On social media, Filipinos engaged in heated debates about which social class deserves to receive more government assistance during a crisis. Is it the poor who have nothing, or the hardworking, tax-paying middle class?
This issue has sparked appeals for the expansion of the social amelioration program’s coverage to include the middle class. After all, even though they rely less on government help, it doesn’t mean the middle class is completely resilient to a financial crisis. They’re just as affected by it as the poor. Government Financial Assistance for the Middle Class
To the government’s credit, it has responded to the calls for assistance to middle-class families with the Small Business Wage Subsidy Program. It benefitted 3.4 million middle-class workers of micro, small, and medium enterprises during the height of the pandemic. The program gave cash aid worth ₱5,000 to ₱8,000 for two months to affected workers.

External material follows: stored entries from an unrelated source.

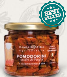
Pomodorini secchi di Puglia in olio EVO Little Apulian dry tomatoes in EVO oil CODE: DSA010 - 190 g DSA012 - 520 g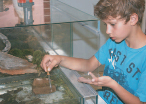
Abb. 7: Überraschungen aus dem Kaulquappen- und Moorbecken.

bekommen die Kinder eine Powerpoint-Präsentation gezeigt, worin ganz allgemeine, basale Themen zur Sprache kommen, wie Anatomie und Morphologie von Spinnen, Fliegen, ausgewählten Pflanzen, die Metamorphose des Marienkäfers oder des Frosches, um nur einige Beispiele zu nennen.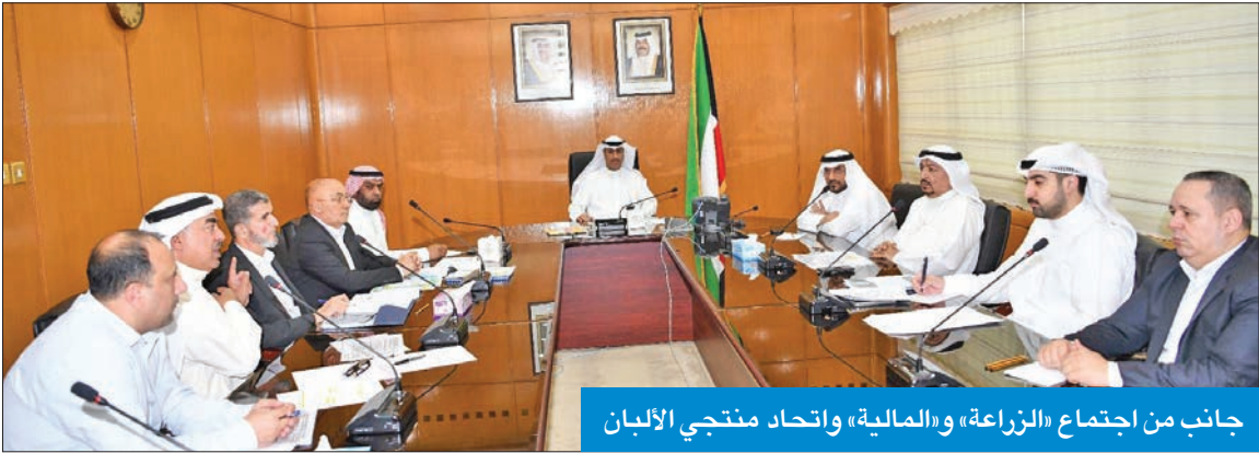
جانب من اجتماع «الزراعة» و«المالية» واتحاد منتجي الألبان

الحليب الطازج والمبستر والبيودر، وذلك بهدف الاستقرار والمحافظة على الأمن الغذائي، مما يستلزم الوقوف إلى جانبها.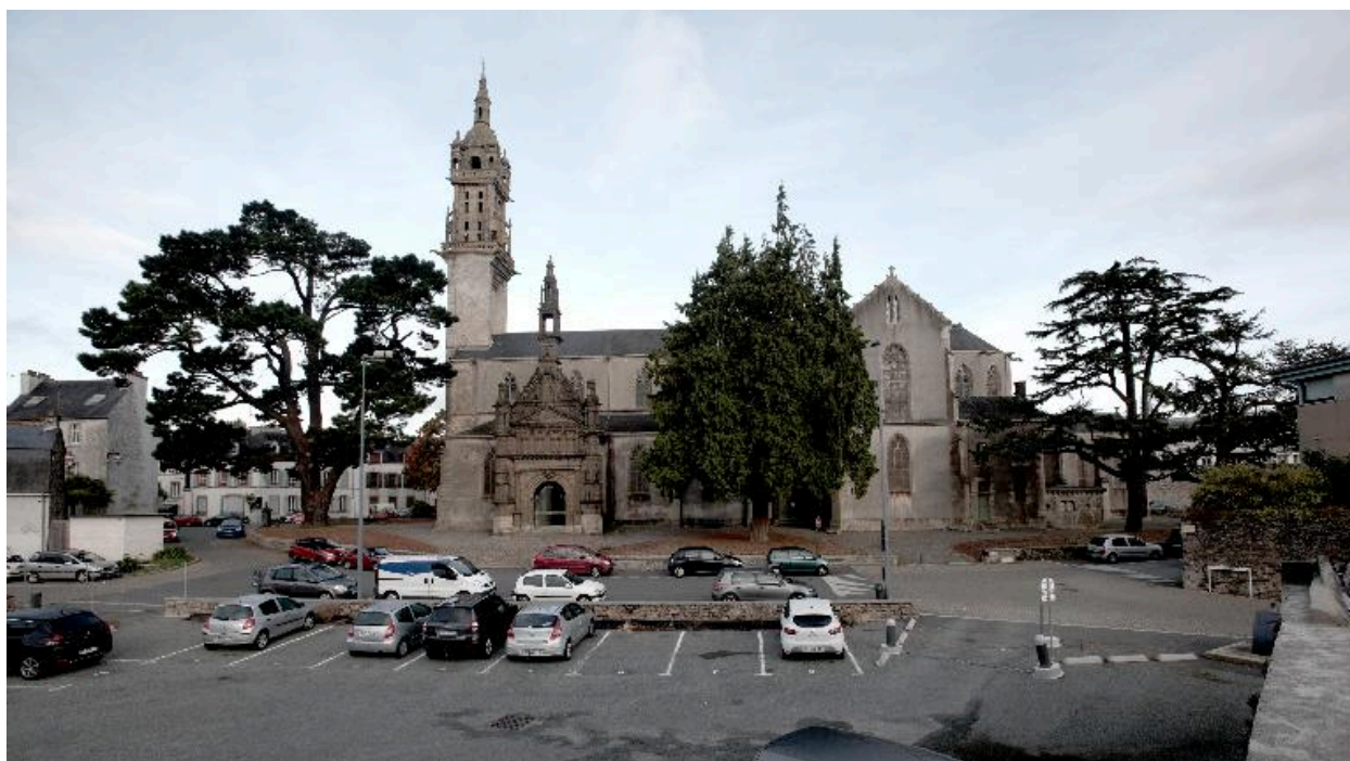
Vue de situation de l'église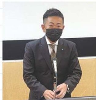
小河原新青年部会長挨拶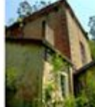
Central del Eume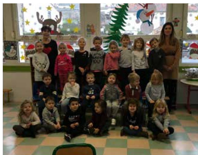
Altrippe Petite et Moyenne Section maternelle Enseignante : Mme Selles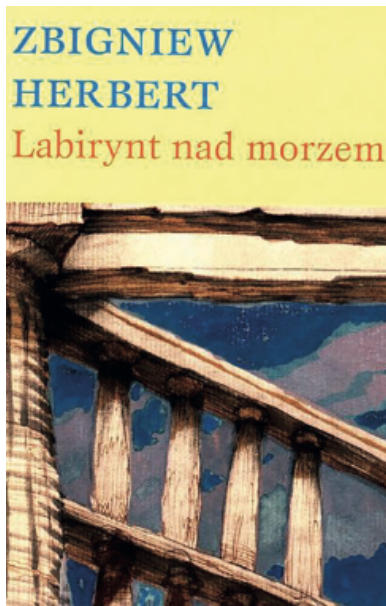
Zbigniew Herbert Labirynt nad morzem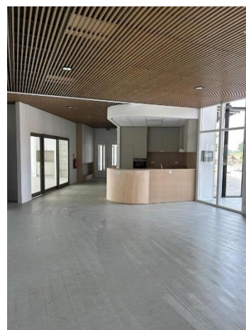
gedeelte van ontmoetingsruimte en keukentje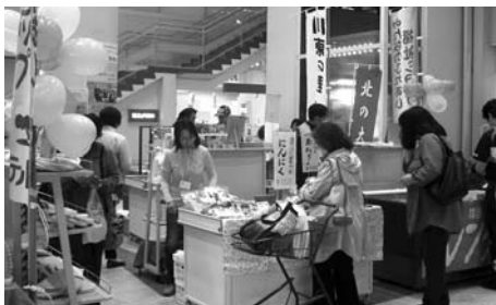
▲昨年のセールの様子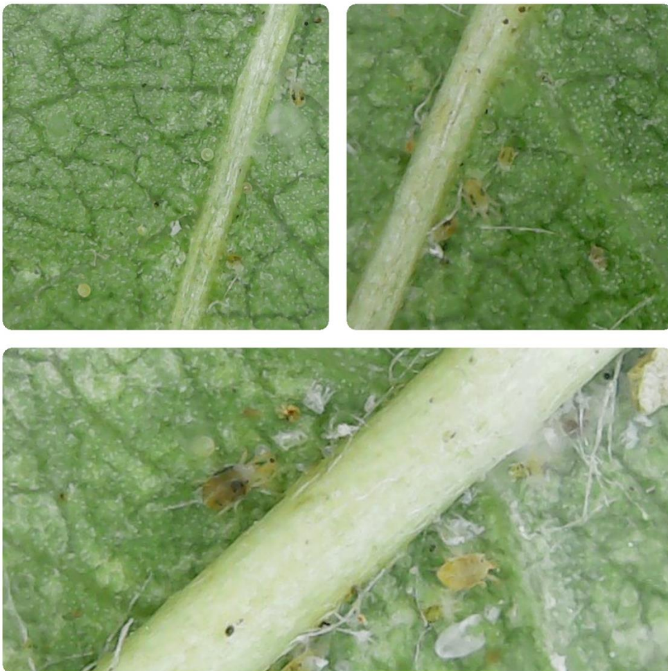
SLIKA 1. OBIČNI PAUČINAR NA NALIČJU LISTA

OBIČNI PAUČINAR JE JEDNA OD NAJŠTETNIJIH GRINJA U NAŠIM USLOVIMA. HRANI SE KAKO NA GAJENIM TAKO I NA KOROVSKIM BILJKAMA. OD POLJOPRIVREDNIH USEVA REDOVNO SE SREĆE NA PARADAJZU, PAPIRICI, KRASTAVCIMA, LUBENICAMA, TIKVICAMA, SOJI, KUKURUZU, JABUKAMA, BRESKVAMA I MNOGIM DRUGIM GAJENIM KULTURAMA.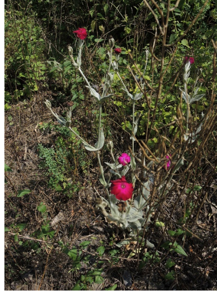
Abb. 16: Lychnis coronaria (Kronen-Lichtnelke) auf einer Brachfläche in Unna (09.07.2017,).

Ein deutliches Zeichen für gezielte, direkte Ansaaten in der Landschaft ist das Vorkommen von gleich mehreren typischen „Bientüten-Arten“ an einem Ort. In solchen Fällen kann davon ausgegangen werden, dass der Standort Opfer einer Guerilla Gardening-Aktion wurde. In vielen Fällen bleibt dies jedoch völlig unklar, z. B. wenn nur einzelne Arten bzw. Pflanzen auftreten oder diese an schlecht zugänglichen Orten wachsen.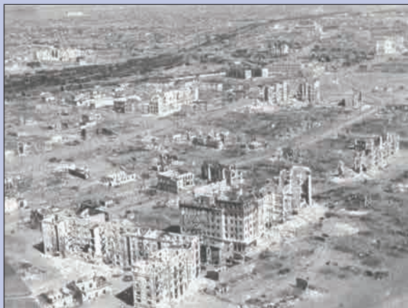
▲ Панорама разрушенного Сталинграда

Начало разгрома фашистских войск под Сталинградом Художник Г.И. Марченко, 1975 г.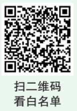
扫二维码看白名单

同时,该局工作人员提醒广大学生和家長:在选择培训机构时切记选择证照齐全的体育类校外培训机构;要与培训机构签订正规合同范本——《中小学生校外培训服务合同(示范文本)》(2021年修订版),明确培训项目、培训要求、培训退费及违约责任、争议处理等内容。切勿听信销售人员口头承诺,提防合同中出现“概不退费”等霸王条款;合理缴纳培训费用,一次性缴费时间跨度不要超过3个月或60课时,且不超过5000元。同时要主动索取正规收费发票,防止出现“卷钱跑路”等情况,确保自身权益不受损害。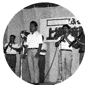
自慢のノドを聞いてください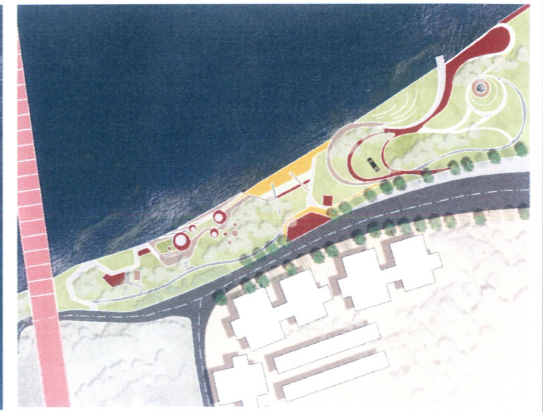
佗城遗址公园平面图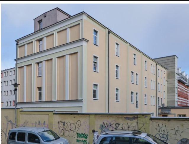
Widok ogólny od południa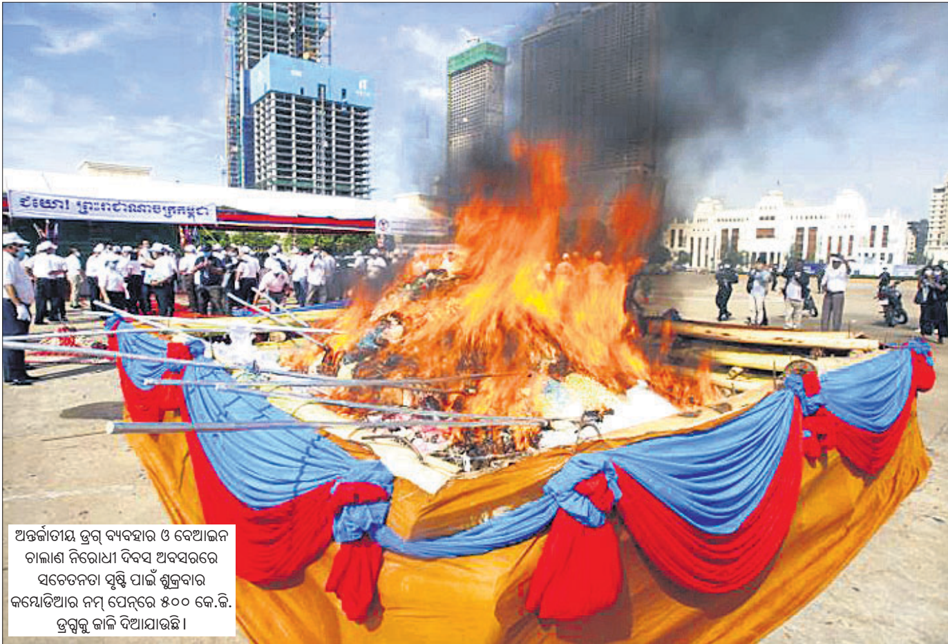
ଅନ୍ତର୍ଜାତୀୟ ଡ୍ରଗ୍ ବ୍ୟବହାର ଓ ବେଆଇନ ଚାଲାଣ ନିରୋଧୀ ଦିବସ ଅବସରରେ ସଚେତନତା ସୃଷ୍ଟି ପାଇଁ ଶୁକ୍ରବାର କମେଡିଆର ନମ୍ ପେନ୍‌ରେ ୫୦୦ କେ.ବି. ଡ୍ରଗ୍‌କୁ ଜାଳି ଦିଆଯାଇଛି।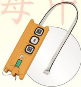
· 拷貝機(複製另一組發射/接收機)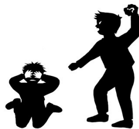
croquis préparatoires théâtre d'ombres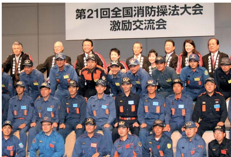
全国消防操法大会に出場する選手たち

Aside from that, other ongoing government assistance programs, such as the SSS unemployment benefit, cover the middle class.
Why the Poor Need More Help
Valid as their grievances are, some people in the middle class assert that the poor don’t deserve government assistance because they’re not working hard and just relying on government dole-outs.
However, according to Jose Ramon Albert, senior research fellow at the PIDS, what people fail to realize is that when the economy is down [due to the crisis], it’s the poor who suffer the most. “[They’re] much more affected, so they need more help than us,” he said in an interview with ABS-CBN News.
Considering the government’s limited funds, giving them the priority for government assistance makes a lot of sense. The PIDS study also notes that if the government shifts public resources away from the poor toward the middle class, this would impede inclusive growth in the country, make it harder for the poor to reach middle-class status, and make the current socio-economic divide worse.
While everyone is affected by the health crisis and the oil price hikes in one way or another, vulnerable groups—the poor, low-income class, and lower middle class—have it worse. They’re at a higher risk of losing livelihood. Thus, they deserve support not just from the government but also from the upper class in the Philippines who are in a position to help others.
The National Economic and Development Authority (NEDA) Ambisyon NATIN 2040 proposes that expanding the Filipino middle class is key to achieving Philippine development goals. Many scholars believe that the middle class play a big part in the Philippines’ drive for progress and equality.
Moreover, the country should work to create more job opportunities that pay well and improve financial services and the quality of education, skills, and training of the labor force.
In short, this shouldn’t be a battle between social classes in the Philippines. In the grand scheme of things, it should be about the poor and low-income becoming middle-income and enjoying a better quality of life.